WHAT IS BEING ASKED: In the entries below, print exactly the lines from the first through the one with "DescriptionBlack and white", both included, and none of the pictures.

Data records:
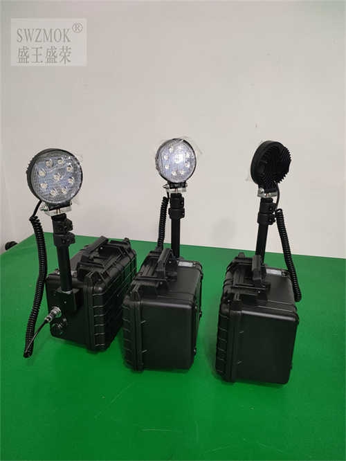 便携式照明箱体采用度塑料制作,并有良好的密封性能,灯头与灯杆使用铝合金,使耐磨.防水.防尘.防静电.抗冲击.抗腐蚀。
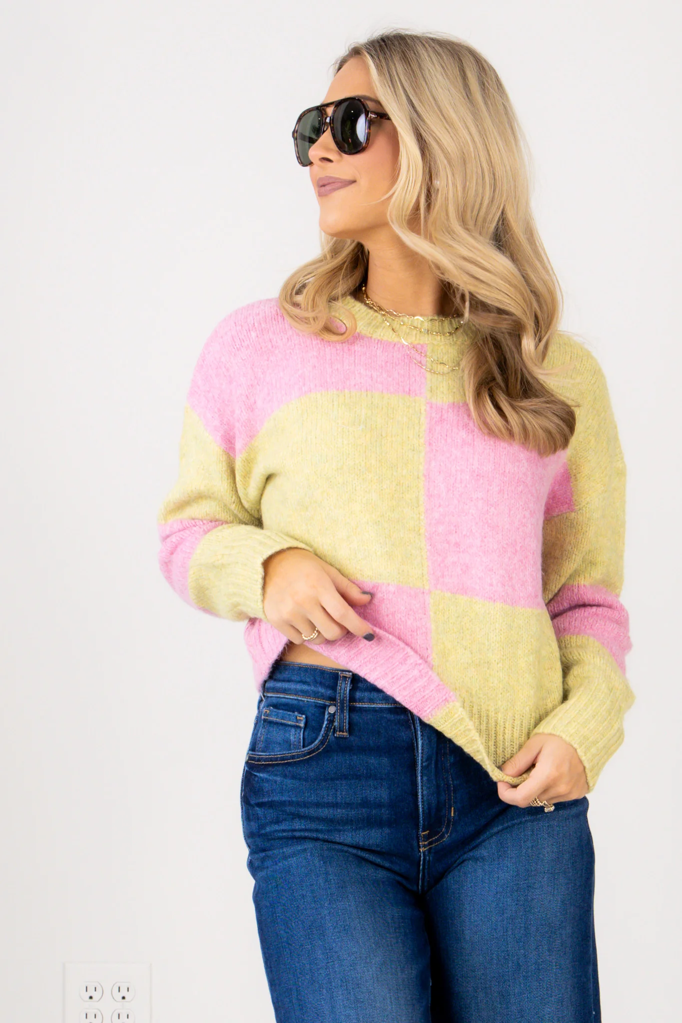 Wild and Free Yellow and Pink Checkered Long Sleeve Sweater Top
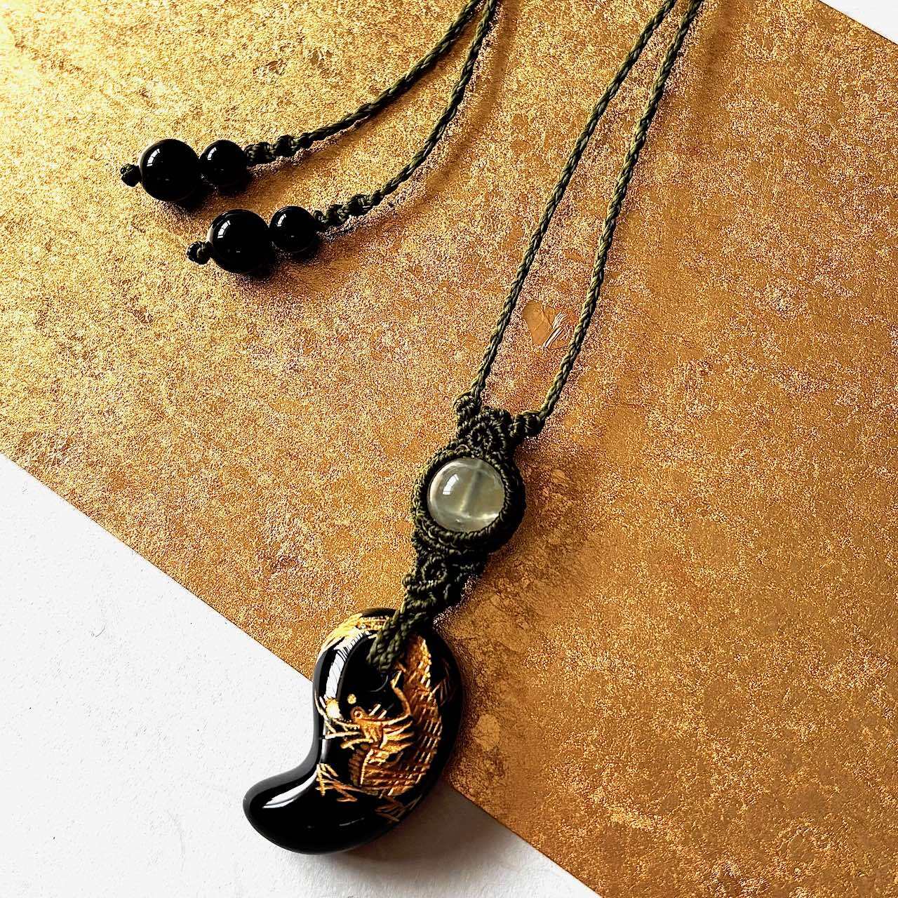 落ち着いた波動のオニキスの上に乗る活動的な金龍のエネルギーが、地に足をつけた生き方を応援します。
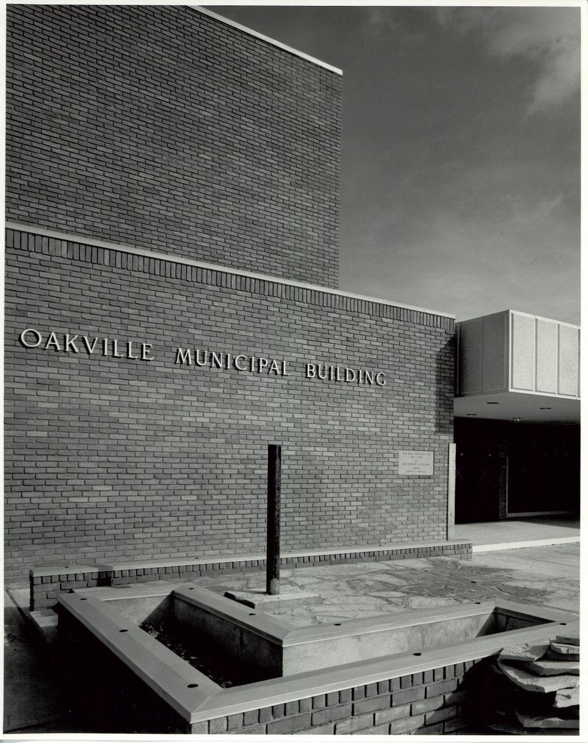 DescriptionBlack and white photograph of the exterior entrance to the "Oakville Municipal Building"; the exterior wall is red sand-faced brick exterior; the main entrance can be seen on the proper left of the photograph
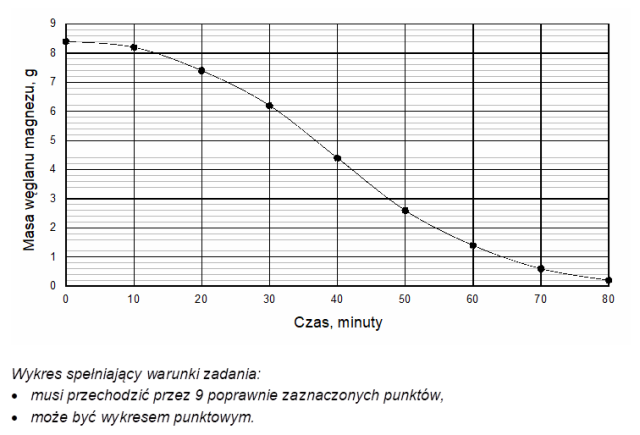 Zapoznaj się z informacjami zawartymi w treści zadania, a następnie na podstawie odpowiednich obliczeń uzupełnij tabelę i sporządź wykres zależności zmiany masy węglanu magnezu od czasu prowadzenia jego rozkładu termicznego.

COMPLETED TASK:
 便携式照明箱体采用度塑料制作,并有良好的密封性能,灯头与灯杆使用铝合金,使耐磨.防水.防尘.防静电.抗冲击.抗腐蚀。
 Wild and Free Yellow and Pink Checkered Long Sleeve Sweater Top
 落ち着いた波動のオニキスの上に乗る活動的な金龍のエネルギーが、地に足をつけた生き方を応援します。
 DescriptionBlack and white photograph of the exterior entrance to the "Oakville Municipal Building"; the exterior wall is red sand-faced brick exterior; the main entrance can be seen on the proper left of the photograph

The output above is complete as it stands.